I don't think you could go wrong with either a YCS or YCV. When in doubt, buy both and an a/b/y pedal.

Peace, Mooh.


----------



## lbrown1 (Mar 22, 2007)

Mooh said:


> I don't think you could go wrong with either a YCS or YCV. When in doubt, buy both and an a/b/y pedal.
> 
> Peace, Mooh.


if only budget allowed....sigh


----------



## Mooh (Mar 7, 2007)

lbrown1 said:


> if only budget allowed....sigh


Yeah, sorry, I know. This gets me in trouble with the Keeper Of The Treasury often.

Peace, Mooh.


----------



## lbrown1 (Mar 22, 2007)

got a reply........I'm going to check it out on Monday....

Mooh - considering the mods (which I'm not sure I care about) ....would you pay $650 for a used one?


----------



## Mooh (Mar 7, 2007)

lbrown1 said:


> got a reply........I'm going to check it out on Monday....
> 
> Mooh - considering the mods (which I'm not sure I care about) ....would you pay $650 for a used one?


Tubes don't really count as a mod in my mind, simply because it's kinda of like claiming a new muffler makes a car a hotrod, and it's easily reversible by anyone. $650 seems a little steep for a used one, but if it's mint and it's what you want, okay. 

Ask L&M if they've got a rental one they could sell you first, it might be more affordable.

Peace, Mooh.


----------



## GuyB (May 2, 2008)

lbrown1 said:


> got a reply........I'm going to check it out on Monday....
> 
> Mooh - considering the mods (which I'm not sure I care about) ....would you pay $650 for a used one?


I saw a YCV50 just yesterday, new, for 790$. If it's in good condition, I think it's a good price.
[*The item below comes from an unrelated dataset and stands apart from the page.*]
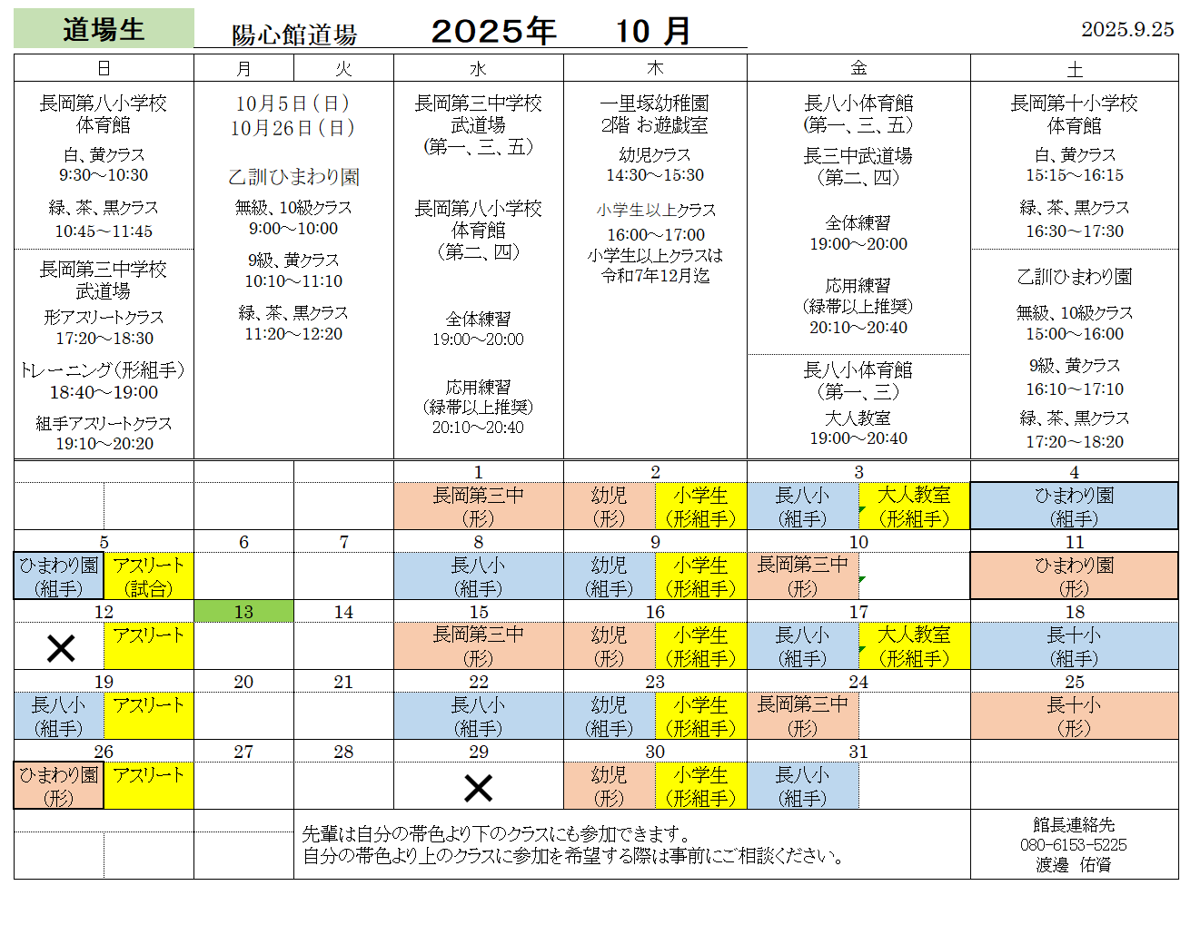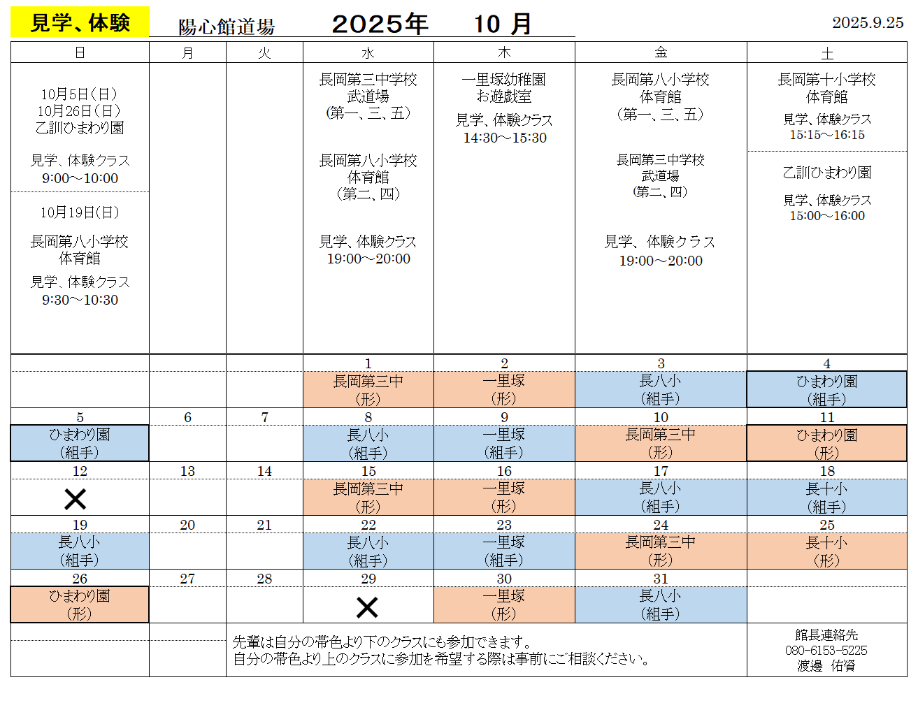 今月より、水曜日・金曜日の練習時間が変更となっております。
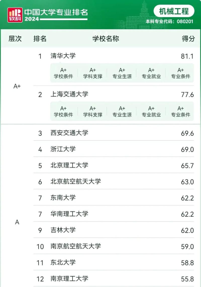 根据软科发布的最新排名,机械工程专业的排名情况如下:

I do have both (YCS50 and YCV50) and I like both of them... well, I've only played with the YCS since I bought it last december ! It has more features than the YCV and, mainly, as we said in another post, it has that "special" Brit voicing in the 15W mode. But I think that I like a little bit more the lead channel on the YCV (because of the EL84 ??), I think it's a bit more heavy, less bright.

And depending on the guitar in use, it seems that one is better than the other :
the Godin Flat FiveX (2 humbuckers, 5 positions and a piezo) seems better with the YCV; the Godin Freeway Classic (HSH, 5 positions) seems better with the YCS.

I'll start experimenting very soon with the two amps together as the Flat Five has two outputs, one for the electric pick-ups and one for the piezo.

I do have to say also that, to have both amps (and I do have also a Marshall Valvestate 80/80, bought new when they came out and in perfect condition and 6 guitars) I did have to enter a very difficult period of negotiations with the "Keeper Of The Treasury". I won ! but I can't afford to have gas anymore for anything (except strings :smile: ) for a long period !


----------



## lbrown1 (Mar 22, 2007)

Mooh said:


> Tubes don't really count as a mod in my mind, simply because it's kinda of like claiming a new muffler makes a car a hotrod, and it's easily reversible by anyone. $650 seems a little steep for a used one, but if it's mint and it's what you want, okay.
> 
> Ask L&M if they've got a rental one they could sell you first, it might be more affordable.
> 
> Peace, Mooh.


the one I have on rental has the price set at $890.....it retails for $915 at L&M....I'm the first renter but I guess it's been sitting and tried out a lot in the store (you can tell there's been a few people doing the whole sit on it and try while they rest their foot on the grill thing) so they knocked the price down 20.....so if I can get the same thing tone wise - taking tax into consideration - that's a $400 savings


----------



## Mooh (Mar 7, 2007)

lbrown1 said:


> the one I have on rental has the price set at $890.....it retails for $915 at L&M....I'm the first renter but I guess it's been sitting and tried out a lot in the store (you can tell there's been a few people doing the whole sit on it and try while they rest their foot on the grill thing) so they knocked the price down 20.....so if I can get the same thing tone wise - taking tax into consideration - that's a $400 savings


Sober second thought tells me that $650 ain't bad. 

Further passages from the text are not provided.